I have a dataset with number of calls to 911 for 5 consecutive yrs for different complaints. As part of my analysis I am comparing month to month so I have aggregated the calls by month and in some cases by complaint category too. I have plotted the results to visualize trends. When I compare these numbers how do I determine if a particular difference in number of calls is statistically significant? Say number of calls in August 2019 vs August 2020 etc? I know p-values are often used as a measure of statistical significance but my thought process has jammed on using them here.

Thank you
Mary

f2harrell · June 12, 2020, 6:19pm

The American Statistical Association has formally pushed to ban “statistical significance”, an effort I applaud. It has come to mean very little, and represents an arbitrary designation. Please re-state your ultimate goals in a way that does not use arbitrary dichotomization of evidence but rather asks questions.

marymlucas · June 12, 2020, 6:37pm

Thank you for this reply. I was initially leaning towards just presenting the numbers and percent differences and explaining what I think the significance of the difference was, but a colleague suggested that this would be misleading if I didn’t mention statistical significance of the differences.

My thinking was it would suffice to say “there was an x percent increase in calls for cardiac arrest in March of 2019 when compared to March of the previous year and an x percent change when compared to the average of the previous number of calls in the previous x years. This change may be attributed to … “

R_cubed · June 12, 2020, 6:47pm

Your problem would be addressed by well known methods for time series. Time series data are a bit more complex to deal with because of the correlation of data points with time.

You have a rather long journey ahead if you want to understand how fundamental statistical concepts apply to time series data.

The approaches in the textbooks would attempt to model the trend component and cyclical component by comparing year over year or quarter over quarter changes. Since you have 5 years of data, you only have 5 data points for any particular month, which isn’t a whole lot of information to estimate any cyclical effects.

You could attempt to estimate trend using exponential moving average techniques. ARIMA – (Autoregressive Integrated Moving Average) methods are the basic tools for this now. Models that avoid the assumption of a normal distribution of residuals are know as nonparametric, and would certainly be worth considering.

More complicated attempts to estimate trend will involve fitting of functions to the data.

I think you are on the right track of simply sticking to descriptions of the data, and comparing them to historical norms (ie. percentiles). Maybe someone has even better ideas here.

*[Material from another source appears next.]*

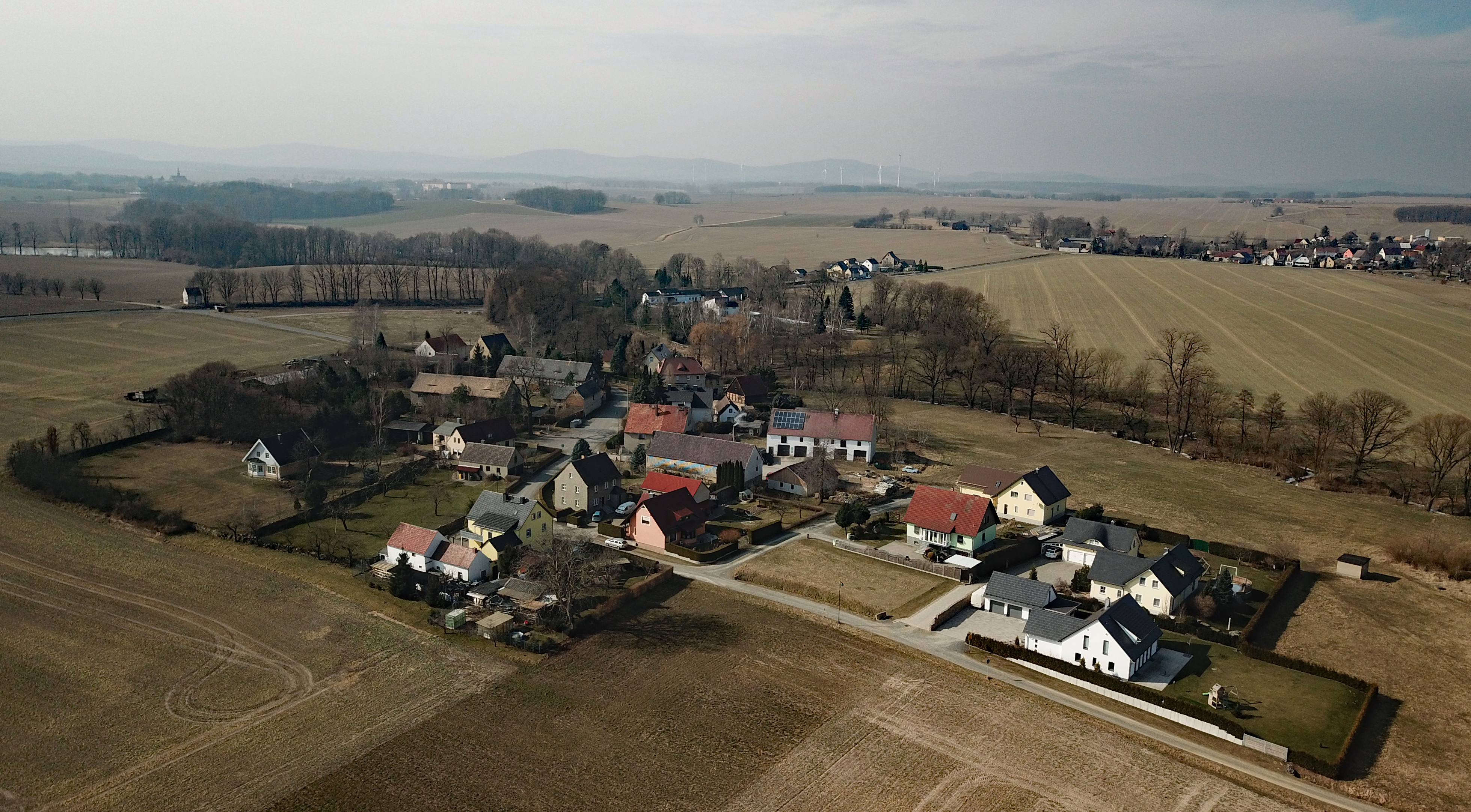 Caseritz (Crostwitz, Saxony, Germany) Hornjoserbsce: Powětrowy wobraz Kozarc

Addendum Here is a link to an open source college level text on forecasting methods. This should be helpful.

marymlucas · June 12, 2020, 7:02pm

Thank you. I think you’re right that I should stick for now with simply describing the data and showing that there’s a difference. At this stage I’m not really looking to do any modeling just to show that we saw drops and rises in certain complaints and what that could mean. I will most definitely look at the time series link and learn more about the approach you mentioned.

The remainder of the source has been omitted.